COEUR d'ALENE - Something very important and new was added this year to the North Idaho Veteran Stand-down at the Kootenai County Fairgrounds - a job fair.
One of the best ways to help a veteran is to get them a job, Eric Swanbeck, job fair coordinator and member of the stand-down committee, said at Saturday's event.
"We're going to have veterans coming back for the next several years from Afghanistan, Iraq and other places as we stand down from some of these conflicts," Swanbeck said. "So these guys are going to be looking for work."
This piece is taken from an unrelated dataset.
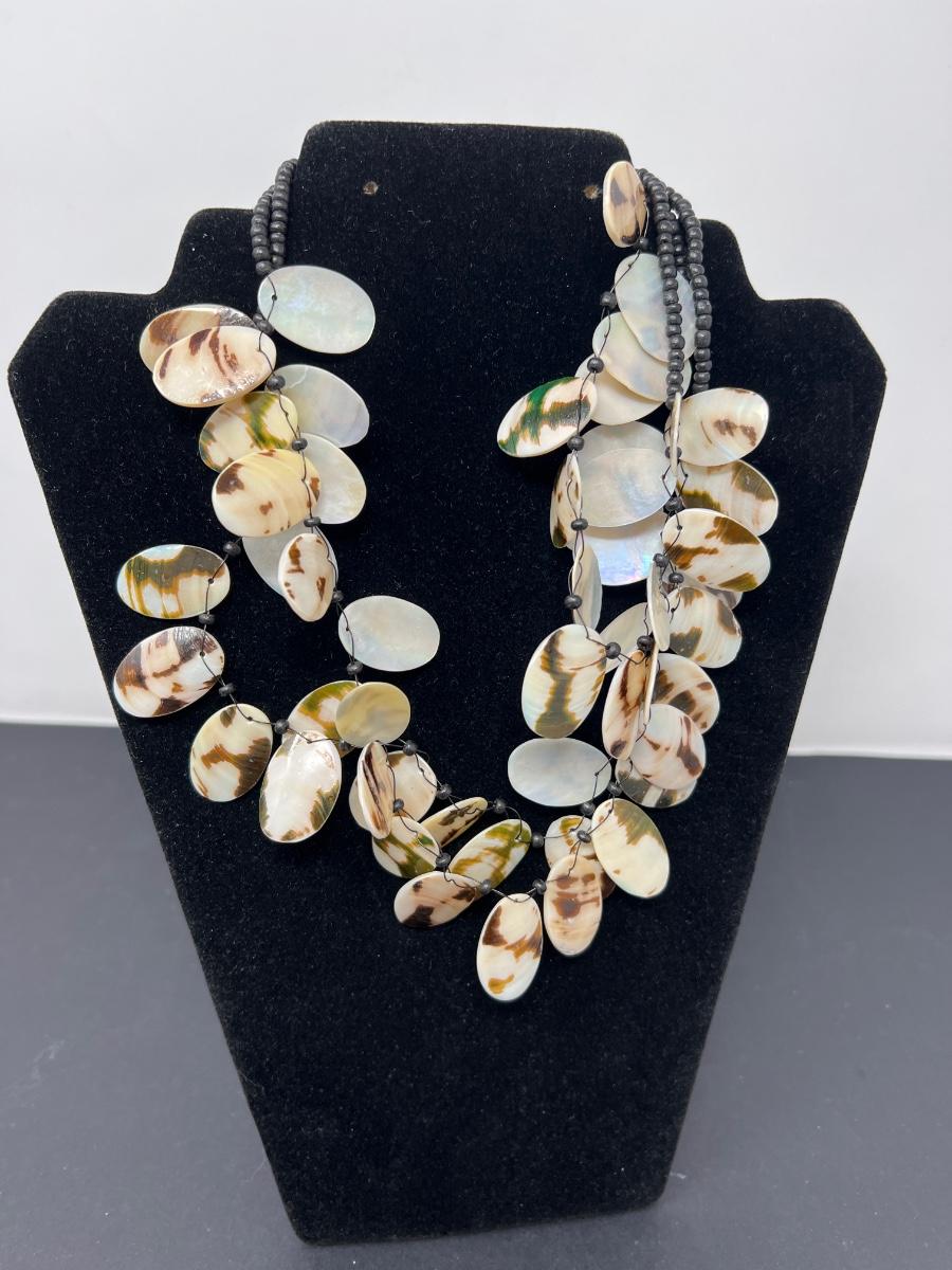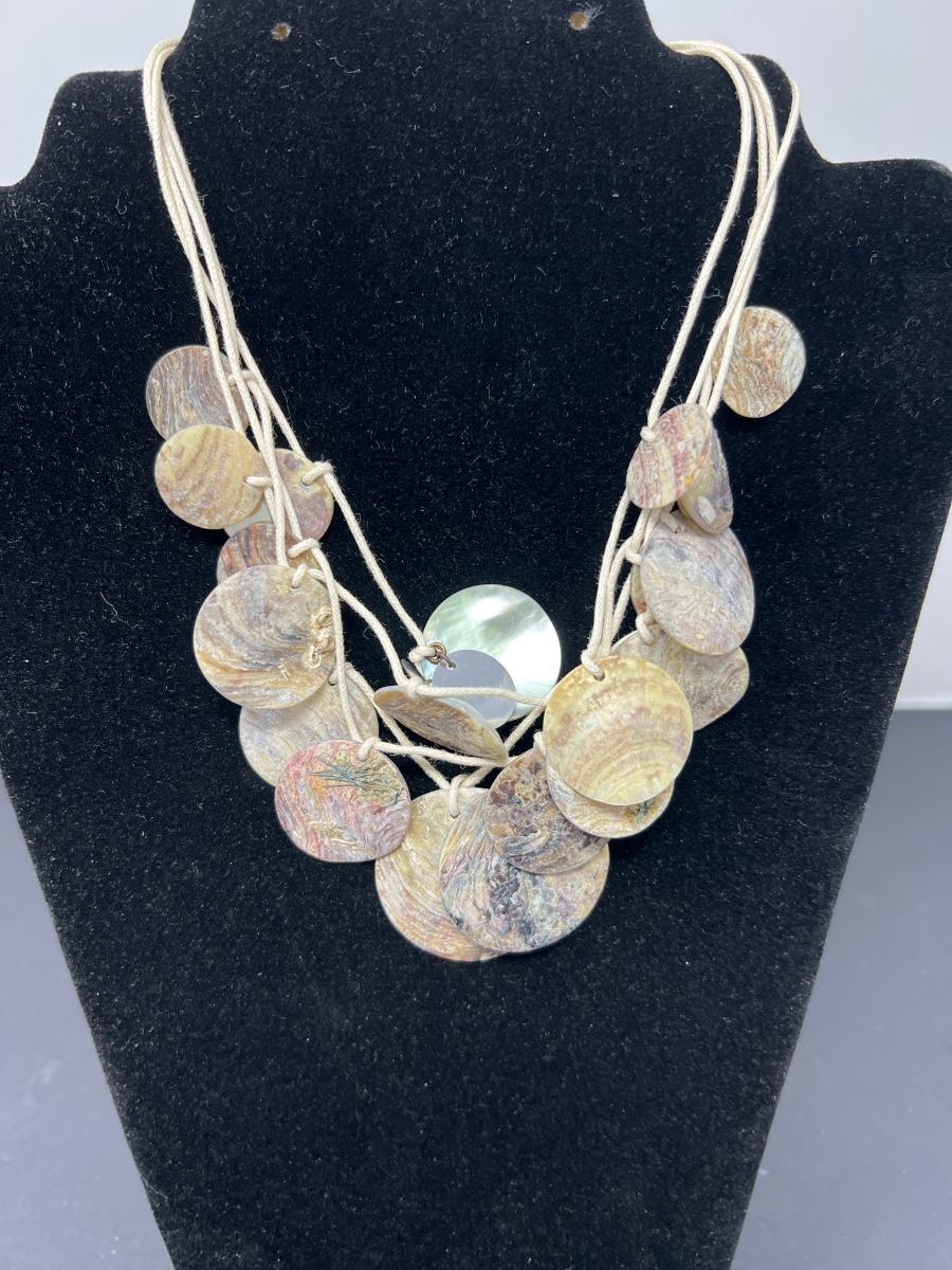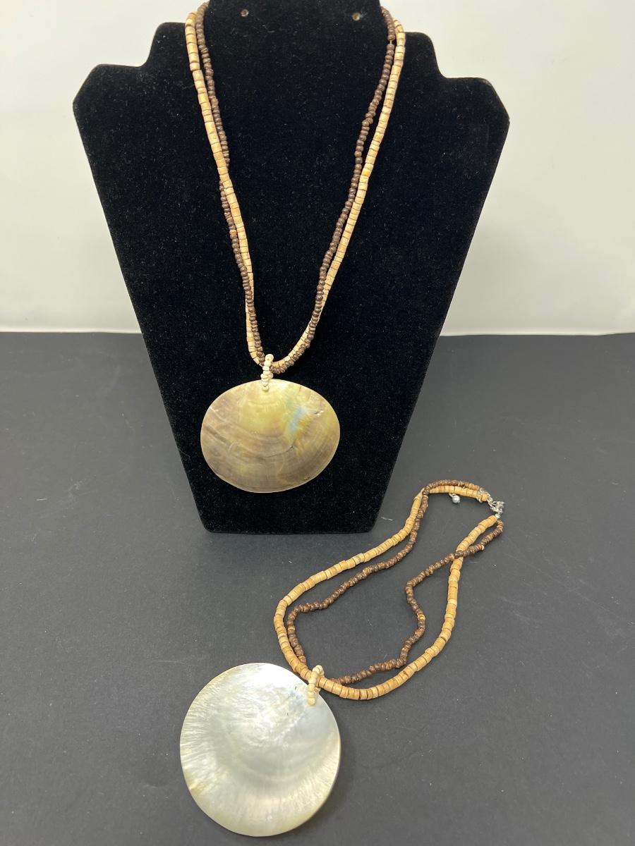 Medallion necklaces with one strand and others three strand with single mother of pearl shell. (6 total)

Kootenai County currently has 1,000 veterans actively looking for work, he said. About 300 to 400 showed up for the job fair Saturday.
Nearly 50 employers set up tables to meet with veterans, some with jobs immediately available. Swanbeck said they plan to have the job fair next year, too, at the stand-down, where veterans also receive medical and dental services, donated food, clothing, housing information and surplus military items.
Sean Kendrick, general sales manager of Dave Smith Motors, said the business planned to hire multiple people from the job fair. He said he likes the work ethic and morals of veterans.
"Our business was built on having a good reputation, and they will be out on the front lines for us," Kendrick said.
Pat Gorman, of Northwest Fence Co., said he has been to a lot of job fairs, but at this one he was "blown away" by the veterans' willingness to do whatever it takes to get work.
"These guys are open to anything," he said. "I'm seeing strong work ethic."
He said he was definitely looking to make some hires, and he saw plenty of good candidates.
"This is very positive for us," he said.
The U.S. Chamber of Commerce helped organize the job fair as part of its "Hiring Our Heroes" initiative.
Phil Maas, a U.S. Chamber representative for the Northwest region, listed the "soft skills" most veterans bring to a new job: "Drug free, attention to detail, loyalty, goal oriented, come early/stay late."
Maas added, "Couple the soft skills with whatever technical training they may have and you basically have a turn-key employee. They are ready to go."
Businesses with tables and representatives at the job fair included Avista Corp., Idaho Forest Group, Home Depot, Lowe's Home Improvement, US Bank, Sage truck driving school, Costco Wholesale and others.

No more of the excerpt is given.